Cherreads

Chapter 29 - 29

I open the front door with my key like I'm breaking into someone else's life.

It smells like cinnamon.

And body spray.

And Bear.

That weird little combination that tells me I'm home.

Auggie tackles me before I can drop my backpack.

"YOU LIVE," he announces, full tackle force, as if I've just returned from war.

In a way, maybe I have.

"Do I?" I grunt under his weight. "I'm pretty sure my ribs say otherwise."

Bear appears in the hallway, shirtless, wearing a blue towel tied around his neck like a cape. "She lives," he confirms. "Commence chaos."

They don't know what happened.

Not really.

But they know I've been gone.

Not just at school - gone in that other way I get sometimes.

Where my eyes go distant. Where my smile feels stretched and paper-thin.

Where my jokes are rusty and my hugs take effort.

Auggie tugs me to the couch and insists we play "Guess That Cringe Song" using his broken speaker and a weird YouTube playlist.

I get 4 out of 6 right, and he acts like I've won the lottery.

Bear, meanwhile, is trying to do flips off the arm of the couch while yelling, "I AM THE NIGHT," every single time.

Some things never change.

They don't ask questions.

They just pull me back in.

Like I never left.

Like I'm still whole.

I find myself laughing.

Actually laughing.

Ugly-snort, head-back, belly-laughing.

At Auggie's stupid sound effects.

At Bear calling cereal "wizard beans."

At nothing.

And everything.

Later, when the cartoons are low in the background and they've half-fallen asleep against me, Bear mumbles:

"You look sad sometimes."

 

The sentence slices through the room like a whisper-shaped knife.

I go still.

He lifts his head.

Eyes too sharp for a 10-year-old.

"Not like when you're mad at us. Like... the inside kind."

 

"Bear-"

 

"It's okay," he shrugs. "You don't have to say stuff. I just notice."

 

Auggie blinks awake and climbs into my lap like he used to when he was five.

He wraps his arms around my waist and says, "You don't have to be happy every day. Just some days. Okay?"

I nod.

I don't trust my voice.

So I kiss their heads instead.

Hold them like they're the only thing keeping me stitched together.

Because maybe they are.

When Mama comes in and sees us like that - all tangled up on the couch, cartoons still playing, me in the middle like a worn-out star - she doesn't say a word.

Just turns the volume down and leaves a blanket on the armrest.

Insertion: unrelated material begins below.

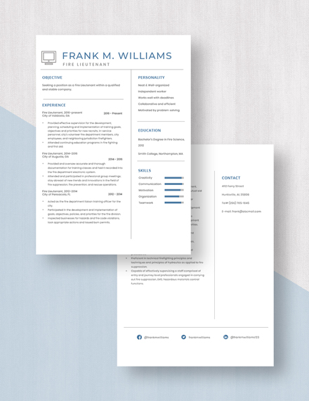 Fire Lieutenant Resume Template Word Apple Pages Template net
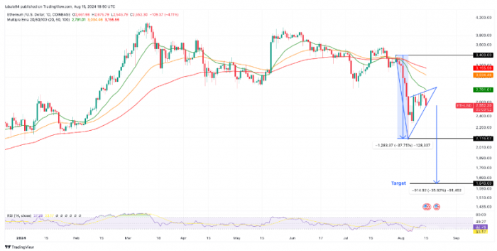 從TradingView的數(shù)據(jù)來看,自7月29日高點3400美元以來,ETH價格已下跌35.5%,至8月5日的低點2116美元,之后略有回升至2552美元。日線圖上顯示熊旗形態(tài),暗示下跌趨勢可能持續(xù)。

I sit there a while longer after they've both fallen asleep.

Tracing the lines of their faces with my eyes.

These boys I'd die for.

These boys I live for.

I don't know how to explain everything that's happened.

But maybe I don't have to.

Maybe this is enough.

Their warmth.

Their breath.

Their blind, endless belief in me.

Tomorrow, I'll go back to school.

Back to whispers and stares and people who think silence is weakness.

But tonight?

Tonight I'm just Senna.

Big sister.

Half-hero.

Still trying.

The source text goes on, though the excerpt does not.